False claim of home loan interest or principal deductions


Under Section 24(B) and Section 80C of the Income Tax Act, deductions are allowed on home loan interest and principal payments. However, some people claim deductions by showing fake EMIs or on loans that do not exist in reality. Suppose you have bought a shop or office under the guise of a home loan, then claiming deduction on that loan is illegal. Some people show loans taken from family and friends as home loans.


If the taxpayer is caught during verification, his PAN and bank records are checked. The Income Tax Department may ask you for the home loan agreement, repayment schedule and bank statement showing EMI debit.


Showing medical or education expenses without bills


Under Income Tax sections 80D, 80DD and 80E, the government allows deduction claims for expenses incurred on medical insurance, treatment of certain diseases and education loans. But many times people submit fake bills for medicines, health checkups, tuition fees. They are not afraid that if they are caught during the scrutiny of the ITR file, they may have to pay a penalty of up to 200% of the amount of tax evaded, as per Section 270A of the Income Tax Act.


Tax-free gifts from relatives considered black money


The government keeps money received as gifts from close relatives like parents, siblings or spouse tax-free under certain conditions. But, some people misuse it to hide their own black money or by receiving someone else's money as a gift from a relative. They think that they can be tax-free under Section 56(2) of Income Tax. But, if you do not have a gift deed, bank trail, then IT can immediately notice you.

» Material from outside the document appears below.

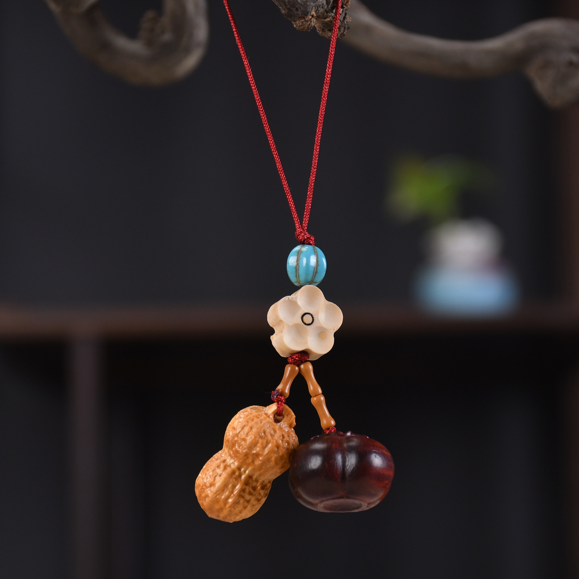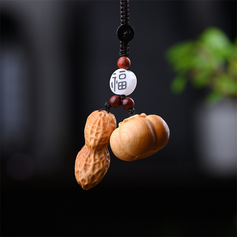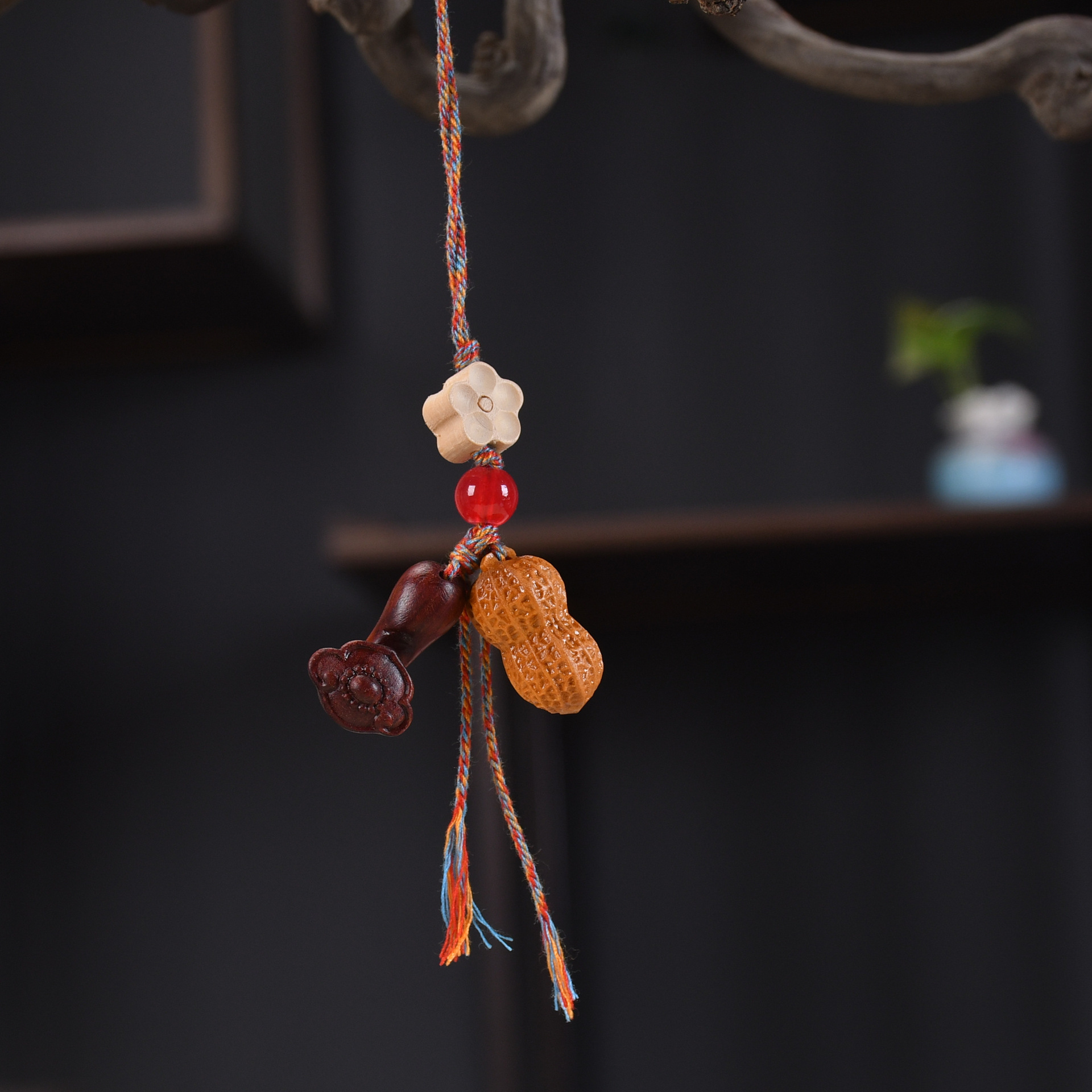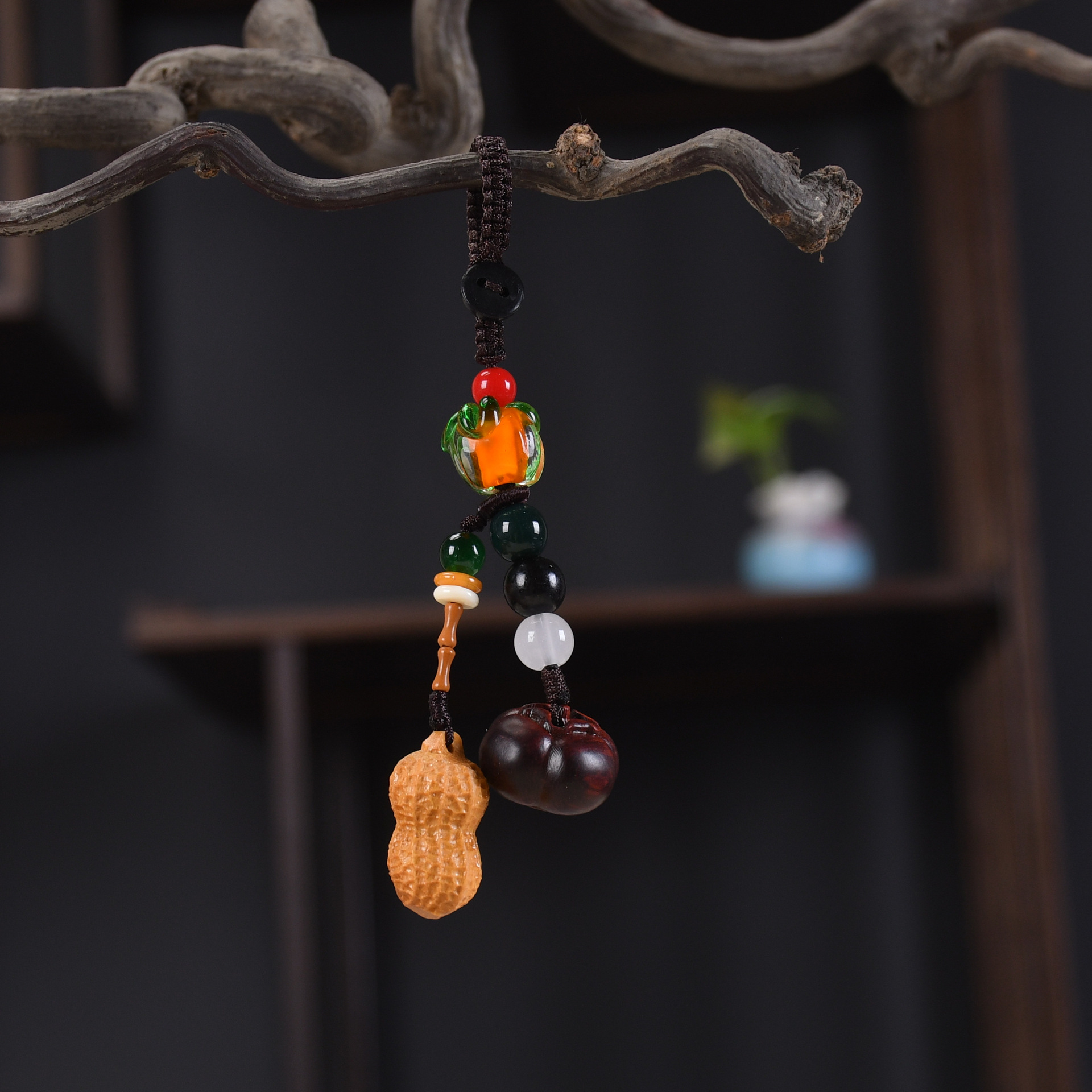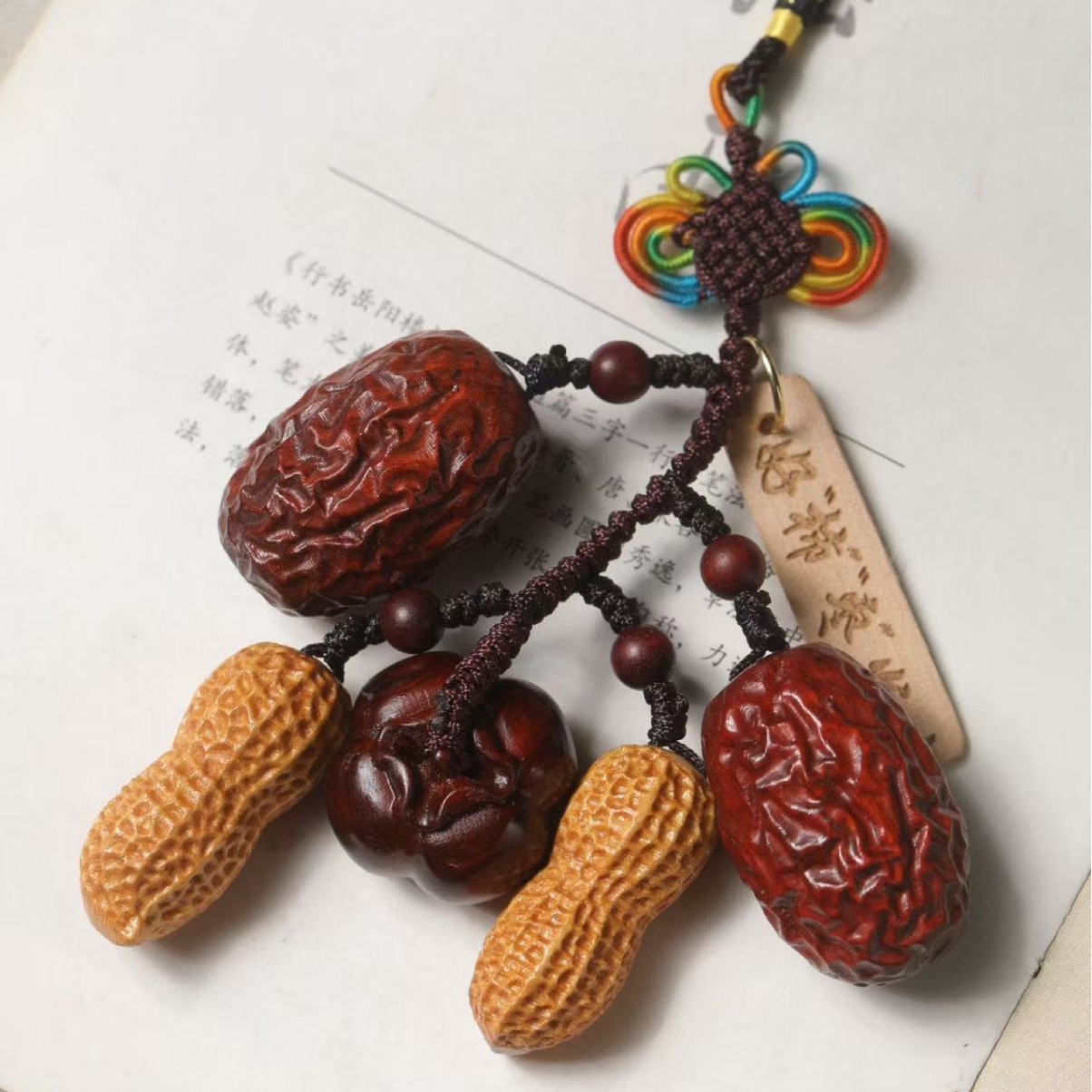 레드 샌달 우드 감 땅콩 자동차 키 체인 펜던트 창조적 인 안전한 행운의 복고풍 커플 보석 매달려 좋은 일이 일어납니다.스토어 가기

Hiding information about freelance or side income


In today's technology era, many employed people also do freelance work or earn money through social media platforms. But, they also try to hide this income from tax. They feel that it is not necessary to disclose about Rs 50,000, but if you earn more than the basic exemption limit from any source, then you should declare it. Let us tell you that IT now takes data from digital platforms, Amazon and social media platforms. In such a situation, in case of non-disclosure, there can be both fine and prosecution under section 271 and 276C.